Sunday, November 22, 2009

Guide to Selecting Your First Motorcycle

For the first time rider, choosing your first motorcycle is often a daunting decision. Now, more than ever, the motorcycle industry in North America is making high-quality, smaller displacement motorcycles that make excellent first motorcycles. But what bike is right for you? That really depends on a number of factors. In many jurisdictions, your choice in motorcycles may be limited by a graduated motorcycle licensing scheme. Often these systems limit your engine displacement or power-to-weight ratio rating. Be sure to check these details before purchasing a motorcycle.

The purpose of the bike is your primary consideration. Are you looking solely for a bike just to learn the basics? A 250cc bike or smaller, such as the Honda CBR125, or the Kawasaki Ninja 250, are both modern, high quality bikes that provide reliable mounts while you learn the ropes. The aforementioned Ninja can even manage highway speeds.

If you would like your first motorcycle to carry you past your first riding season, you may want to consider a motorcycle with a slightly larger displacement.

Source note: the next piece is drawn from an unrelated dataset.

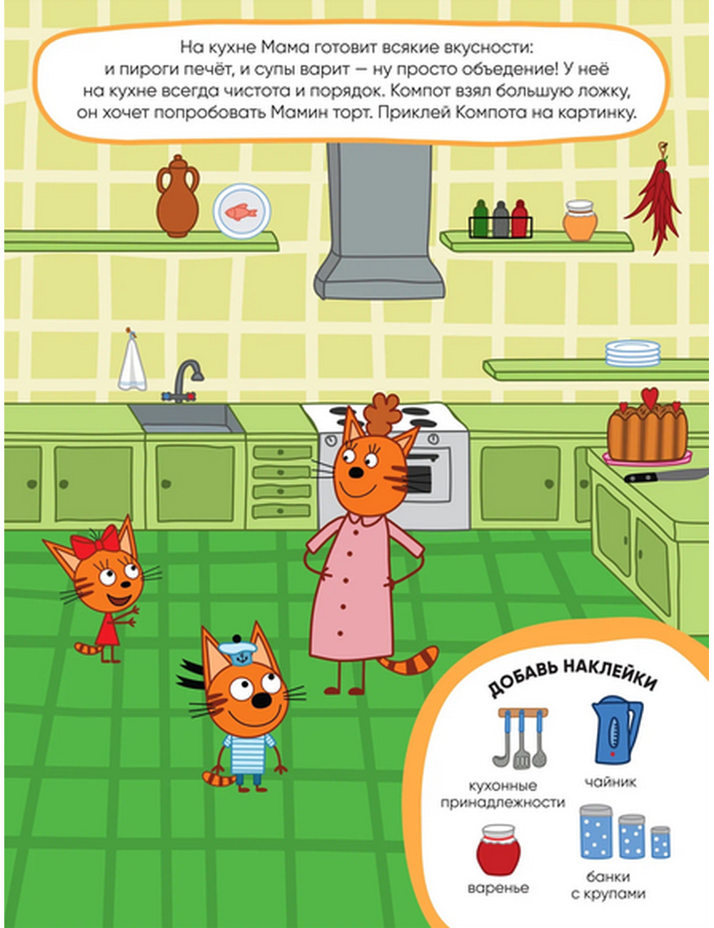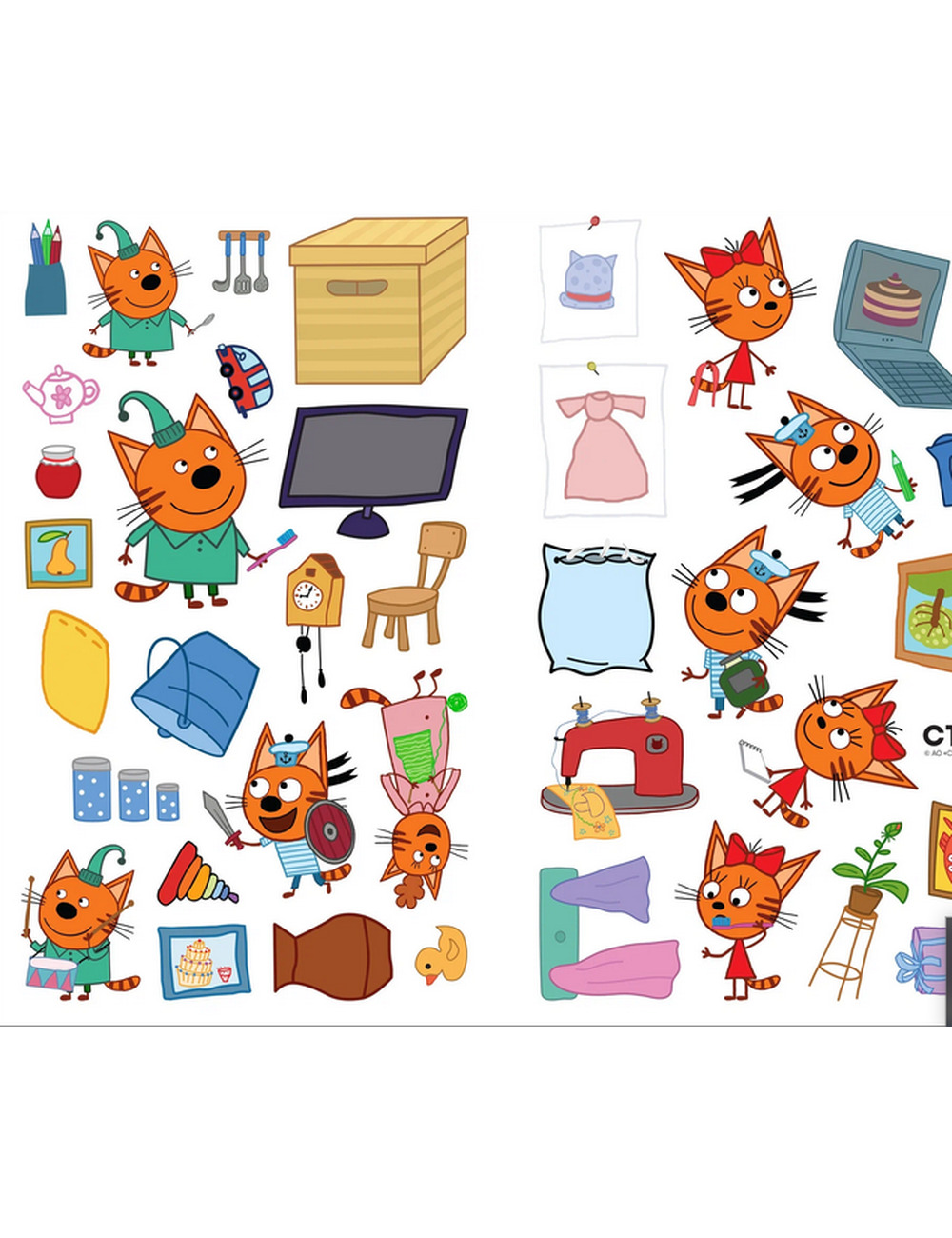 Миу-миу-миу! А ваш ребенок любит мультсериал «Три кота»? Тогда ему обязательно понравится эта красочная книжка с многоразовыми наклейками.

Something in the 250-500cc range, such as the Suzuki GS500 or the Kawasaki Ninja 500 will allow for more than one season of riding. Larger displacement also means a larger bike, which may fit a slightly larger rider more comfortably, and also increase the feasibility of long range highway rides.

Should you be looking for a motorcycle that you can learn the basics on and keep for the long term, you have a wide variety of options. There are a number of 600-650cc bikes in the North American market that have ample power, range and size to keep a rider satisfied for many seasons. The key is to stay away from true sport motorcycles, which come along with too much power for the beginner, as well as extremely high insurance rates.

If you are not afraid of a little do-it-yourself maintenance, a Japanese motorcycle from the 1980s can be a good bet. Despite some having larger displacement engines, they also tend to be heavier, thus reducing the power-to-weight ratio into the more manageable range. They are cheap, easy to find and offer long distance comfort and pleasant ergonomics (seating position, reach to the handlebars and leg position). Parts can be harder to find, and the potential of more maintenance is almost a certainty. My first motorcycle was an early 80s Honda 750, which fit my 6'0 frame much better than a small displacement motorcycle. It allowed me to learn the basics, without tempting me with too much power, too early on for my skill set.

As I alluded to before, a bike that fits you properly is a prime consideration. No matter how much you like a bike, if your feet do not touch the ground, you are in trouble. Conversely, if you are a taller rider, a smaller bike may be too cramped. Cramped ergonomics are particularly noticeable on long distance rides and can cause serious discomfort. A bad fit on a motorcycle is a safety hazard that should be avoided.

Next, your budget will dictate many of your choices. If you are unsure whether you will really like motorcycling, reducing your initial investment is a wise idea. Enter older used motorcycles, which are initially inexpensive to purchase, and have gone through all the depreciation previously. Often you can sell such a motorcycle for what you have paid for it initially. Many of the modern, small displacement road motorcycles hold their value well, so for a larger investment initially, you can recover a large percentage of that initial cost. This way, you can avoid some of the higher cost maintenance issues that tend to come along with older motorcycles.

After narrowing down your choice based on purpose, fit and budget, you can then choose what bike resonates with you most. This is a more subjective consideration; however you will often know what the right bike for you is when you "fall in love with it". Once you've chosen your ride, you are now set to start building your skills and experience on a motorcycle. By this time, I hope you have already completed a motorcycle safety training program and have the proper protective gear. A little dose of humility while learning to ride will pay large dividends later in your motorcycle riding life. Learning the basics at slow speeds, how to interact with traffic, avoid collisions and ride in a variety of conditions will make you a better, safer rider.